_What you will do_.
When you return the data, keep every line exactly as it is and leave out the pictures.

_Data excerpt_.
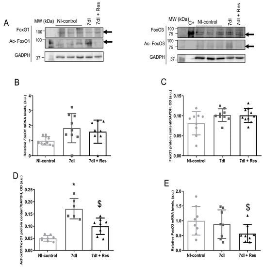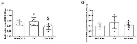 In the limb muscle of 7dI + Resveratrol mice compared with the controls, gene expression and protein levels of FoxO1 did not significantly differ, acetylated FoxO1 decreased, both FoxO3 gene expression and protein content diminished, and no significant differences between the two groups were observed in acetylated FoxO3 levels (Figure 5A–G, respectively).
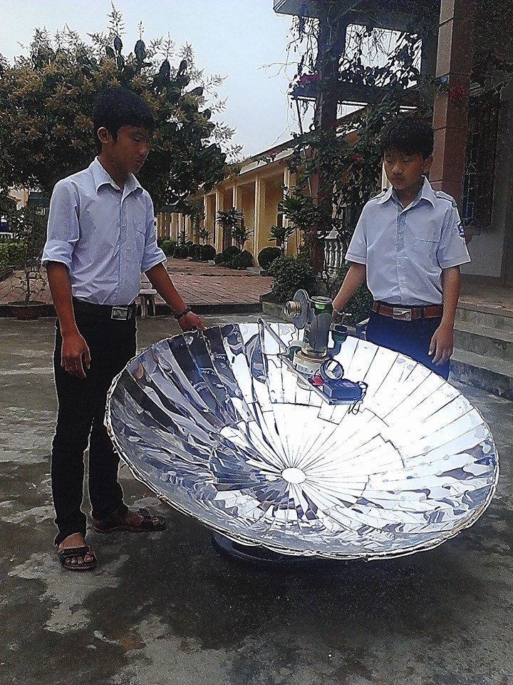 “Em tình cờ tìm thấy trên mạng thông tin về động cơ sử dụng dầu, rơm rạ để đốt. Sau khi tìm hiểu kỹ, em quyết định cải tiến nó, tận dụng năng lượng mặt trời để vừa tiết kiệm nhiên liệu, vừa không gây ô nhiễm môi trường”, Thuận kể lại.
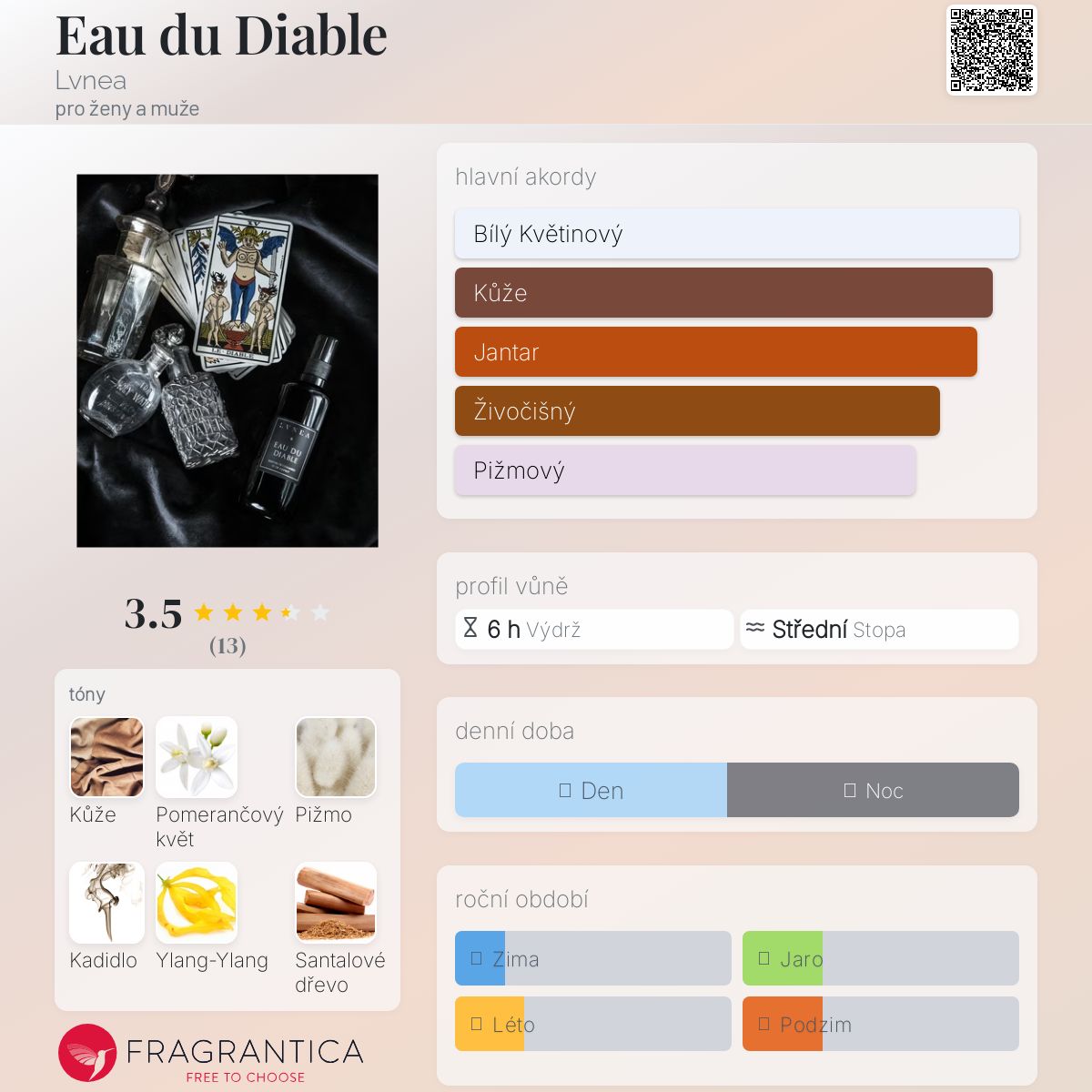 Eau du Diable podle Lvnea je Orientální vůně pro ženy a muže. Eau du Diable byl/a uveden/a v roce 2018. Vrchní tóny jsou Pomerančový květ, Ylang-Ylang a Santalové dřevo; střední tóny jsouKůže, Růže a Jasmín ; základní tóny jsou Pižmo, Kadidlo, Jantar (ambra) a Benzoin.

_Solution for this exercise_.
 In the limb muscle of 7dI + Resveratrol mice compared with the controls, gene expression and protein levels of FoxO1 did not significantly differ, acetylated FoxO1 decreased, both FoxO3 gene expression and protein content diminished, and no significant differences between the two groups were observed in acetylated FoxO3 levels (Figure 5A–G, respectively).
 “Em tình cờ tìm thấy trên mạng thông tin về động cơ sử dụng dầu, rơm rạ để đốt. Sau khi tìm hiểu kỹ, em quyết định cải tiến nó, tận dụng năng lượng mặt trời để vừa tiết kiệm nhiên liệu, vừa không gây ô nhiễm môi trường”, Thuận kể lại.
 Eau du Diable podle Lvnea je Orientální vůně pro ženy a muže. Eau du Diable byl/a uveden/a v roce 2018. Vrchní tóny jsou Pomerančový květ, Ylang-Ylang a Santalové dřevo; střední tóny jsouKůže, Růže a Jasmín ; základní tóny jsou Pižmo, Kadidlo, Jantar (ambra) a Benzoin.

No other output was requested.